- EXERCISE:
Repeat every line of the data exactly; no picture belongs in the copy.

- INFORMATION PROVIDED:
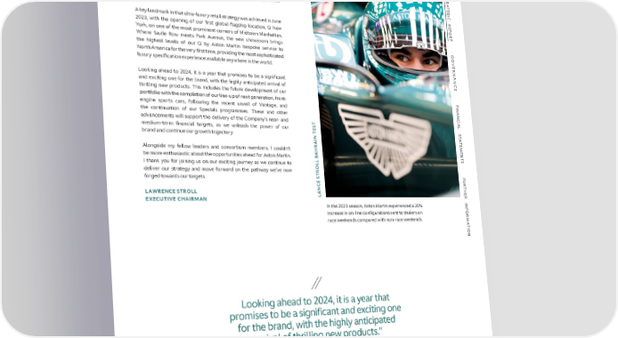 STRATEGIC REPORT EXECUTIVE CHAIRMAN’S STATEMENT CONTINUED SS Our fantastic partnership with the Aston Martin F1® Team sits at TRTR the heart of our brand, with other key marketing activities in 2023 AA th TETE including the global celebration of our historic 110 anniversary and GG II continued implementation of our renewed corporate identity across CC our network. R R EE PP OO A key landmark in that ultra-luxury retail strategy was achieved in June RR TT 2023, with the opening of our first global flagship location, Q New York, on one of the most prominent corners of Midtown Manhattan. Where Savile Row meets Park Avenue, the new showroom brings GG the highest levels of our Q by Aston Martin bespoke service to OO VEVE North America for the very first time, providing the most sophisticated RR luxury specification experience available anywhere in the world. NANNAN CC Looking ahead to 2024, it is a year that promises to be a significant EE and exciting one for the brand, with the highly anticipated arrival of thrilling new products. This includes the future development of our FF portfolio with the completion of our line-up of next generation, front- II engine sports cars, following the recent unveil of Vantage, and NANNAN the continuation of our Specials programmes. These and other CC advancements will support the delivery of the Company’s near- and IALIAL T S S medium-term financial targets, as we unleash the power of our S E TT brand and continue our growth trajectory. AA N T TT I EE A MM R Alongside my fellow leaders and consortium members, I couldn’t EE H NN be more enthusiastic about the opportunities ahead for Aston Martin. A TT I thank you for joining us on our exciting journey as we continue to L B SS L deliver our strategy and move forward on the pathway we’ve now O R T FF forged towards our targets. UU E S RR C TT N HH LAWRENCE STROLL A EE L RR EXECUTIVE CHAIRMAN INF INF In the 2023 season, Aston Martin experienced a 20% increase in on-line configurations sent to dealers on OROR race weekends compared with non-race weekends. MM AA TT II ONON Looking ahead to 2024, it is a year that promises to be a significant and exciting one for the brand, with the highly anticipated arrival of thrilling new products.” ASTON MARTIN LAGONDA ANNUAL REPORT AND ACCOUNTS 2023 16
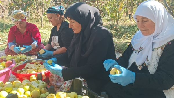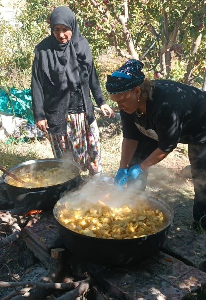 Yaklaşık bir haftadır bahçede topladıkları elmaları marmelat ve reçele dönüştürdüklerini vurgulayan, “Bir haftadır buradayız. Önce meyveleri topladık, yıkadık. Daha sonra marmelat, reçel ve sirke için ayırdık. Küçüklerini sirkeye yatıracağız, büyüklerini ise reçel ve marmelat için ayarladık. Şimdi kaynatmaya başladık. Kaynadıktan sonra onu püre haline getireceğiz ve şekerle buluşturacağız. İyice odun ateşinde pişirdikten sonra paketleyip satışa sunacağız. Tamamen kendi el emeğimiz. Herhangi bir katkı maddesi yok” ifadelerini kullandı.
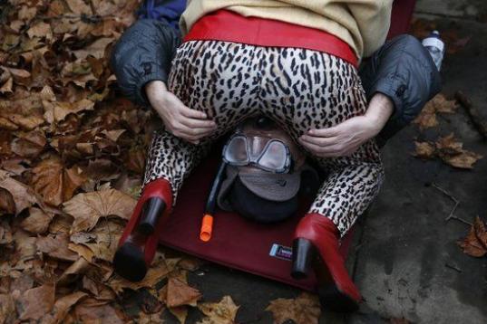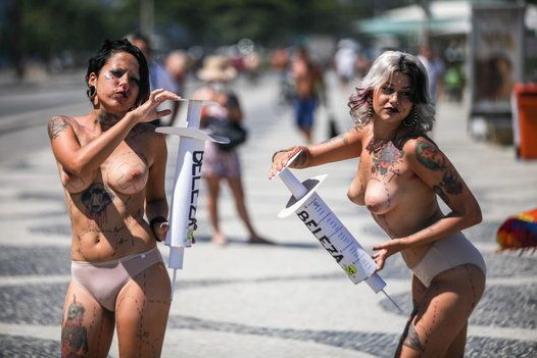 Dos feministas brasileñas protestan en Río de Janeiro (Brasil) en contra los tratamientos de estética a los que las mujeres se someten por los imperativos de la "dictadura de la belleza" poniendo en riesgo su vida.

- TASK ANSWER:
 STRATEGIC REPORT EXECUTIVE CHAIRMAN’S STATEMENT CONTINUED SS Our fantastic partnership with the Aston Martin F1® Team sits at TRTR the heart of our brand, with other key marketing activities in 2023 AA th TETE including the global celebration of our historic 110 anniversary and GG II continued implementation of our renewed corporate identity across CC our network. R R EE PP OO A key landmark in that ultra-luxury retail strategy was achieved in June RR TT 2023, with the opening of our first global flagship location, Q New York, on one of the most prominent corners of Midtown Manhattan. Where Savile Row meets Park Avenue, the new showroom brings GG the highest levels of our Q by Aston Martin bespoke service to OO VEVE North America for the very first time, providing the most sophisticated RR luxury specification experience available anywhere in the world. NANNAN CC Looking ahead to 2024, it is a year that promises to be a significant EE and exciting one for the brand, with the highly anticipated arrival of thrilling new products. This includes the future development of our FF portfolio with the completion of our line-up of next generation, front- II engine sports cars, following the recent unveil of Vantage, and NANNAN the continuation of our Specials programmes. These and other CC advancements will support the delivery of the Company’s near- and IALIAL T S S medium-term financial targets, as we unleash the power of our S E TT brand and continue our growth trajectory. AA N T TT I EE A MM R Alongside my fellow leaders and consortium members, I couldn’t EE H NN be more enthusiastic about the opportunities ahead for Aston Martin. A TT I thank you for joining us on our exciting journey as we continue to L B SS L deliver our strategy and move forward on the pathway we’ve now O R T FF forged towards our targets. UU E S RR C TT N HH LAWRENCE STROLL A EE L RR EXECUTIVE CHAIRMAN INF INF In the 2023 season, Aston Martin experienced a 20% increase in on-line configurations sent to dealers on OROR race weekends compared with non-race weekends. MM AA TT II ONON Looking ahead to 2024, it is a year that promises to be a significant and exciting one for the brand, with the highly anticipated arrival of thrilling new products.” ASTON MARTIN LAGONDA ANNUAL REPORT AND ACCOUNTS 2023 16
 Yaklaşık bir haftadır bahçede topladıkları elmaları marmelat ve reçele dönüştürdüklerini vurgulayan, “Bir haftadır buradayız. Önce meyveleri topladık, yıkadık. Daha sonra marmelat, reçel ve sirke için ayırdık. Küçüklerini sirkeye yatıracağız, büyüklerini ise reçel ve marmelat için ayarladık. Şimdi kaynatmaya başladık. Kaynadıktan sonra onu püre haline getireceğiz ve şekerle buluşturacağız. İyice odun ateşinde pişirdikten sonra paketleyip satışa sunacağız. Tamamen kendi el emeğimiz. Herhangi bir katkı maddesi yok” ifadelerini kullandı.
 Dos feministas brasileñas protestan en Río de Janeiro (Brasil) en contra los tratamientos de estética a los que las mujeres se someten por los imperativos de la "dictadura de la belleza" poniendo en riesgo su vida.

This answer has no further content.